There is significant peer-reviewed evidence documenting the impacts of genetically modified organisms on health and biodiversity, as well as research on the health and environmental benefits of organically managed farmland. There are alternatives to genetically engineered crops that promote dependence on chemical fertilizers and pesticides in industrial monoculture agriculture. Organic systems can compete, and even outpace, conventional systems after a transition period, including corn and soybean fields, as documented in recent research published by USDA researchers in Ames, Iowa. Therefore, labeling at the consumer level should be clear enough for consumers to identify products produced with genetically engineered ingredients and weigh their costs and benefits against organic alternatives.

Letter to USDA

After a 2024 decision by the U.S. District Court for the Northern District of California overturning rules issued under the first Trump administration that, according to the Center for Food Safety (CFS), “practically eliminate oversight of novel GE technology and instead let industry self-regulate,” the United States Court of Appeals for the Ninth Circuit ruled in October for the plaintiffs on providing general public access to information on genetically engineered products. The decision overturns a 2016 U.S. Department of Agriculture (USDA) rule permitting the use of a “QR code” or smartphone labeling for food products made with genetically modified organisms. However, missing from the court’s decision is direction to clarify the use of the misleading term “bioengineered.” Given the general public’s understanding of the common usage of “genetically engineered” or “genetically modified,” I request that USDA require the use of more generally understood terms on product labels. 
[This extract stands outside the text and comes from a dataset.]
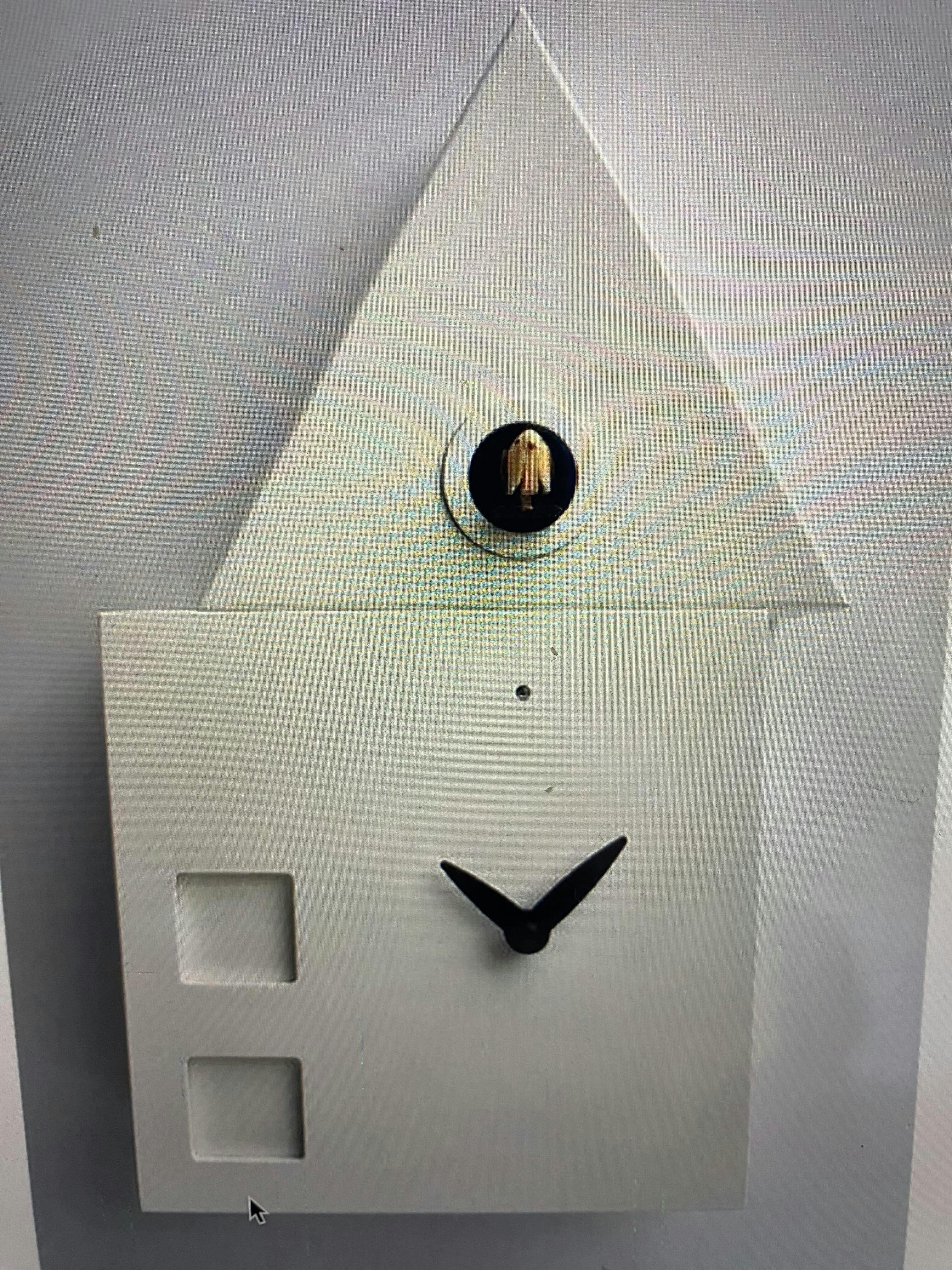 A house cuckoo with an unusual shape making it fun and able to adapt to any environment. Composed of two floors of different heights, its peculiarity is the roof where the cuckoo is placed which is not aligned with the lower floor.

While the court decision takes an important step towards transparency by requiring labeling revealing “bioengineered” ingredients, the failure to require the use of terms readily understood by consumers—“genetically engineered” or “genetically modified” (or “GMO”)—falls short of full disclosure. In the disclosure law, the term “bioengineering” refers to a food that has been genetically modified in a way that could not be obtained through conventional breeding or found in nature, the same as the meaning of terms genetically engineered, genetically modified organism, and GMO, that have been used consistently by USDA’s Agricultural Marketing Service (AMS) in National Organic Program regulations and communications.

In USDA regulations:

The definition of “bioengineering” must include all forms of genetic engineering, including newer forms like CRISPR and RNA interference (RNAi). Definitions should be compatible with those recommended by the National Organic Standards Board.

Each GE ingredient must be identified, including highly refined GE sugars and oils and processed corn and soy ingredients. Even if they are so highly processed that the GE ingredients are present only at undetectable levels in the final product, they are still GE foods.  
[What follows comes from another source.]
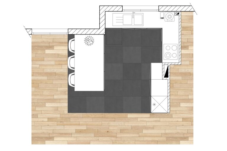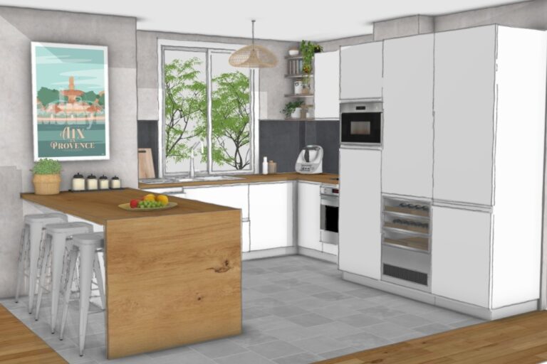 Pour l’avant-projet détaillé, un rendu 3D a été réalisé à leur demande. Cet outil précieux a permis au couple de mieux se projeter dans leur future cuisine. Les perspectives volumétriques et l’ambiance générale les ont aidés à valider leurs choix, tout en renforçant leur enthousiasme pour ce premier projet de rénovation.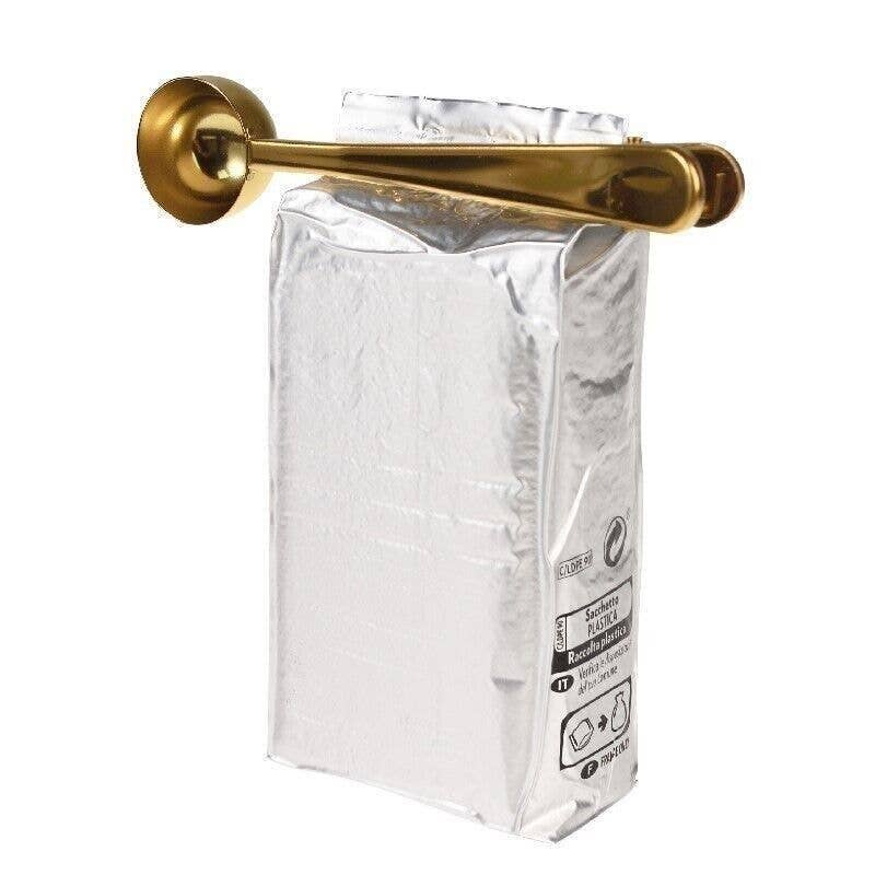 Gold-coloured stainless steel coffee scoop with a 2 in 1 design.

GE ingredients must be identified on product labels, or product shelves in the case of raw foods. All products required to label ingredients should include identification of GE ingredients on the label.
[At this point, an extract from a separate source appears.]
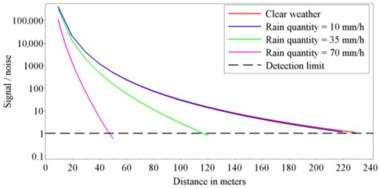 LiDAR sensors are vulnerable to precipitation conditions such as snow, hail, sleet, and rain, as shown in Figure 20. However, as a short wavelength technology, LiDAR can identify small objects and provide a precise 3D monochromatic picture of an item, which RADAR may lack. The perception of objects is predicted to be severely affected by inclement weather and a decrease in detection range. As a result of the diminished contrast in intensity, there is an increase in misclassifications and even incorrect detection systems []. If the raindrop is very close to the laser emitter, there is a considerable possibility of erroneous detection. Since the laser beam meets a particle and causes a flash of light similar to a small surface, there will be a return of peak that is similar to that of a road item [].

There is significant peer-reviewed evidence documenting the impacts of genetically modified organisms on health and biodiversity, as well as research on the health and environmental benefits of organically managed farmland. There are alternatives to genetically engineered crops that promote dependence on chemical fertilizers and pesticides in industrial monoculture agriculture. Organic systems can compete, and even outpace, conventional systems after a transition period, including corn and soybean fields, as documented in recent research published by USDA researchers in Ames, Iowa. Therefore, labeling at the consumer level should be clear enough for consumers to identify products produced with genetically engineered ingredients and weigh their costs and benefits against organic alternatives.

Please adopt regulations that require the use of more generally understood terms—“genetically engineered” or “genetically modified” (or “GMO”)—on product labels.

Thank you.

All unattributed positions and opinions in this piece are those of Beyond Pesticides.